При таком затруднении совершенно неожиданно выручил всех нас “счастливый” в данный момент случай, о котором никак нельзя не упомянуть, тем более, что им, так сказать, завершилось дальнейшее распространение эпидемии и констатирован самый факт чумы, а не какой-либо другой болезни.

XV.

За два или за три дня до приезда в Ветлянку делегатов я был потревожен в своей квартире часов в семь утра присланным за мною из канцелярии по спешному делу курьером.

Тотчас явясь туда, я застал там крайне озабоченного Чичинадзе с телеграммой в руках... Передавая ее мне, он сказал:

— Полюбуйтесь!.. Еще неделя, полторы, и мы могли бы снять карантины, а теперь вот... точно нарочно для делегатов!..

В телеграмме из Ветлянки, подписанной кем-то из врачей, значилось:

“Неожиданный рецидив. Заболела Анна Обойденова, девица шестнадцати лет”.

Через минуту граф Лорис-Меликов потребовал меня к себе в кабинет. Я вошел. Он был очень взволнован, озабочен, нервен и нетерпелив...

— Читали телеграмму из Ветлянки? Так вот что, милый: скачите сию минуту к начальнику телеграфной станции и скажите ему (граф посмотрел на свои часы), чтобы ровно через 45 минут вот здесь, в этом кабинете или лучше в соседней — вот той комнате, действовал телеграфный аппарат для моих личных переговоров с Ветлянкой.

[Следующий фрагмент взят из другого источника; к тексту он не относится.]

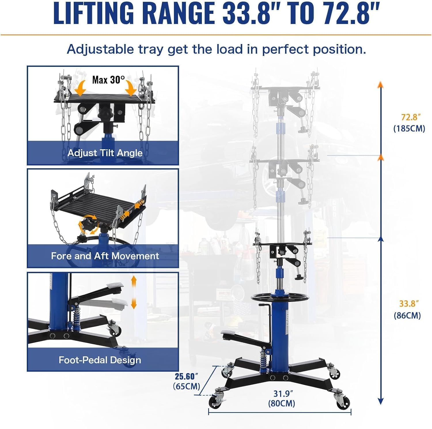 - Smooth Hydraulic Lifting & Adjustable Height:Easily adjust the jack height from 33.8" to 72.8" using the foot pedal for hands-free operation. The innovative 2-stage design boosts stability at maximum height, while the quick-release handle allows for controlled, smooth lowering. This transmission jack adapter-friendly model provides precise height control to fit different vehicle lifts and workspaces.

Я заикнулся было сказать, что так скоро невозможно это сделать, но торопыга граф нетерпеливо и решительно оборвал меня:

— Никаких возражений! Чтоб было так, как я сказал!.. После такого сюрприза я, как угорелый, вылетел из дома

губернатора и через минуту летел уже на лихаче к начальнику [966] телеграфной станции, помещавшейся вместе с квартирой его на той же губернаторской площади.

Начальником станции был тогда Пузыревский, человек огромной энергии, лично прошедший все ступени службы — от “служителя” телеграфного дела, простого монтера, до начальника станции. Этот опытный, добросовестный служака любил свою специальность и отдавался ей беззаветно и страстно.

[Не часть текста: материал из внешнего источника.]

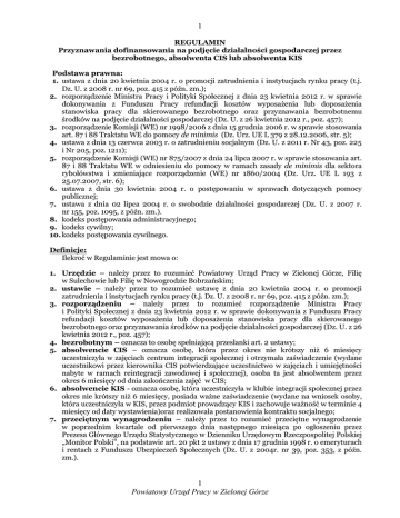 1 REGULAMIN Przyznawania dofinansowania na podjęcie działalności gospodarczej przez bezrobotnego, absolwenta CIS lub absolwenta KIS Podstawa prawna: 1. ustawa z dnia 20 kwietnia 2004 r. o promocji zatrudnienia i instytucjach rynku pracy (t.j. Dz. U. z 2008 r. nr 69, poz. 415 z późn. zm.); 2. rozporządzenie Ministra Pracy i Polityki Społecznej z dnia 23 kwietnia 2012 r. w sprawie dokonywania z Funduszu Pracy refundacji kosztów wyposażenia lub doposażenia stanowiska pracy dla skierowanego bezrobotnego oraz przyznawania bezrobotnemu środków na podjęcie działalności gospodarczej (Dz. U. z 26 kwietnia 2012 r., poz. 457); 3. rozporządzenie Komisji (WE) nr 1998/2006 z dnia 15 grudnia 2006 r. w sprawie stosowania art. 87 i 88 Traktatu WE do pomocy de minimis (Dz. Urz. UE L 379 z 28.12.2006, str. 5); 4. ustawa z dnia 13 czerwca 2003 r. o zatrudnieniu socjalnym (Dz. U. z 2011 r. Nr 43, poz. 225 i Nr 205, poz. 1211); 5. rozporządzenie Komisji (WE) nr 875/2007 z dnia 24 lipca 2007 r. w sprawie stosowania art. 87 i 88 Traktatu WE w odniesieniu do pomocy w ramach zasady de minimis dla sektora rybołówstwa i zmieniające rozporządzenie (WE) nr 1860/2004 (Dz. Urz. UE L 193 z 25.07.2007, str. 6); 6. ustawa z dnia 30 kwietnia 2004 r. o postępowaniu w sprawach dotyczących pomocy publicznej; 7. ustawa z dnia 02 lipca 2004 r. o swobodzie działalności gospodarczej (Dz. U. z 2007 r. nr 155, poz. 1095, z późn. zm.). 8. kodeks postępowania administracyjnego; 9. kodeks cywilny; 10. kodeks postępowania cywilnego. Definicje: Ilekroć w Regulaminie jest mowa o: 1. Urzędzie – należy przez to rozumieć Powiatowy Urząd Pracy w Zielonej Górze, Filię w Sulechowie lub Filię w Nowogrodzie Bobrzańskim; 2. ustawie – należy przez to rozumieć ustawę z dnia 20 kwietnia 2004 r. o promocji zatrudnienia i instytucjach rynku pracy (t.j. Dz. U. z 2008 r. nr 69, poz. 415 z późn. zm.); 3. rozporządzeniu – należy przez to rozumieć rozporządzenie Ministra Pracy i Polityki Społecznej z dnia 23 kwietnia 2012 r. w sprawie dokonywania z Funduszu Pracy refundacji kosztów wyposażenia lub doposażenia stanowiska pracy dla skierowanego bezrobotnego oraz przyznawania środków na podjęcie działalności gospodarczej (Dz. U. z 26 kwietnia 2012 r., poz. 457); 4. bezrobotnym – oznacza to osobę spełniającą przesłanki art. 2 ustawy; 5. absolwencie CIS – oznacza osobę, która przez okres nie krótszy niż 6 miesięcy uczestniczyła w zajęciach centrum integracji społecznej i otrzymała zaświadczenie (wydane uczestnikowi przez kierownika CIS potwierdzające uczestnictwo w zajęciach i umiejętności nabyte w ramach reintegracji zawodowej i społecznej), osoba ta jest absolwentem przez okres 6 miesięcy od dnia zakończenia zajęć w CIS; 6. absolwencie KIS - oznacza osobę, która uczestniczyła w klubie integracji społecznej przez okres nie krótszy niż 6 miesięcy, posiada ważne zaświadczenie (wydane na wniosek osoby, która uczestniczyła w KIS, przez podmiot prowadzący KIS i zachowuje ważność w terminie 4 miesięcy od daty wystawienia)oraz realizowała postanowienia kontraktu socjalnego; 7. przeciętnym wynagrodzeniu – należy przez to rozumieć przeciętne wynagrodzenie w poprzednim kwartale od pierwszego dnia następnego miesiąca po ogłoszeniu przez Prezesa Głównego Urzędu Statystycznego w Dzienniku Urzędowym Rzeczpospolitej Polskiej „Monitor Polski”, na podstawie art. 20 pkt 2 ustawy z dnia 17 grudnia 1998 r. o emeryturach i rentach z Funduszu Ubezpieczeń Społecznych (Dz. U. z 2004r. nr 39, poz. 353, z późn. zm.). 1 Powiatowy Urząd Pracy w Zielonej Górze 2 Rozdział I Ogólne zasady przyznawania bezrobotnemu środków na podjęcie działalności gospodarczej §1 1. Zgodnie z art. 46 ust. 1 pkt. 2 ustawy oraz rozporządzeniem, Starosta może ze środków Funduszu Pracy przyznać bezrobotnemu, absolwentowi CIS lub absolwentowi KIS, jednorazowo środki na podjęcie działalności gospodarczej, w tym na pokrycie kosztów pomocy prawnej, konsultacji i doradztwa związane z podjęciem tej działalności gospodarczej, w wysokości określonej w umowie, nie wyżej jednak niż 6-krotna wysokość przeciętnego wynagrodzenia. 2. Środki, o których mowa w ust. 1 przyznaje z upoważnienia Starosty – Dyrektor lub Zastępca Dyrektora Powiatowego Urzędu Pracy w Zielonej Górze. Przyznanie środków następuje na podstawie umowy zawartej pomiędzy Dyrektorem Urzędu, a bezrobotnym, absolwentem CIS lub absolwentem KIS. §2 O przyznanie środków na podjęcie działalności gospodarczej może ubiegać się bezrobotny, absolwent CIS lub absolwent KIS, zarejestrowany w Urzędzie, który spełnia następujące warunki: a. nie posiadał wpisu do ewidencji działalności gospodarczej w okresie 12 miesięcy bezpośrednio poprzedzających dzień złożenia wniosku o dofinansowanie na rozpoczęcie działalności gospodarczej; b. nie otrzymał dotychczas z Funduszu Pracy lub z innych środków publicznych bezzwrotnych środków na podjęcie działalności gospodarczej lub rolniczej, założenie lub przystąpienie do spółdzielni socjalnej; c. nie złożył wniosku o przyznanie jednorazowo środków na podjęcie działalności gospodarczej lub przyznanie jednorazowo środków na założenie lub przystąpienie do spółdzielni socjalnej do innego starosty; d. nie był w okresie 2 lat przed dniem złożenia wniosku karany za przestępstwa przeciwko obrotowi gospodarczemu, w rozumieniu ustawy z dnia 06 czerwca 1997 r. – Kodeks karny (Dz.U. Nr 88, poz. 553, z późn. zm.) lub ustawy z dnia 28 października 2002 r. o odpowiedzialności podmiotów zbiorowych za czyny zabronione pod groźbą kary (Dz.U. Nr 197, poz. 1661, z późn. zm.); e. spełnia warunki rozporządzenia Komisji (WE) nr 1998/2006 z dnia 15 grudnia 2006 r. w sprawie stosowania art. 87 i 88 Traktatu WE w odniesieniu do pomocy de minimis; f. spełnia warunki Rozporządzenia Ministra Pracy i Polityki Społecznej z dni

Выслушав приказание Лорис-Меликова, он сначала схватился обеими руками за голову, а затем, сообразив что-то, в одно мгновение в чем был (в простом домашнем пиджаке) бросился в мастерские, оставив меня у своих дверей...

Вернувшись в канцелярию, я увидел через десять минут против окон ее на телеграфном столбе самого Пузыревского, приколачивавшего к столбу изолятор, а внизу нескольких рабочих с проволокой и другими принадлежностями в руках. Работа кипела. Я видел ясно, что успеть сделать в 45 минут все то, чего желал граф, можно только таким путем. Пузыревский не мог, конечно, никому довериться, зная, что из этого ничего не выйдет, и, не рискуя ничем, сам превратился в рабочего.

Через несколько минут в комнате, предназначенной для телеграфа, установлен уже был аппарат, а еще через несколько минут сделана была проба, и за пять минут до назначенного графом срока Пузыревский, весь в грязи и в пыли, влетел впопыхах в нашу канцелярию и заикаясь (он был заика) объявил мне:

— До-о-л-л-о-жите графу, что ап-па-па-рат действует!

И, взглянув при этом на часы свои, он многозначительно указал мне пальцем на стрелку.

Когда я доложил об этом графу, он в первую минуту до того был удивлен, что, судя по выражению его лица, просто не верил ушам своим, а затем радостно воскликнул:

— Неужели? Все готово? А Пузыревский здесь?!! — И после моих ответов граф весело вскочил с кресла и, быстро выйдя в канцелярию, наткнулся там на грязного, потного начальника станции и сказал ему:

— Большое спасибо вам.. И вам, мой дорогой, — обращаясь ко мне...

Извинившись за свою неряшливую внешность, Пузыревский проводил графа к телеграфному аппарату и показал, что он действует исправно.

— Вот спасибо, вот спасибо! — повторял Михаил Тариелович про себя, но по адресу Пузыревского. — Теперь я могу непосредственно разговаривать и с Ветлянкой и с делегатами...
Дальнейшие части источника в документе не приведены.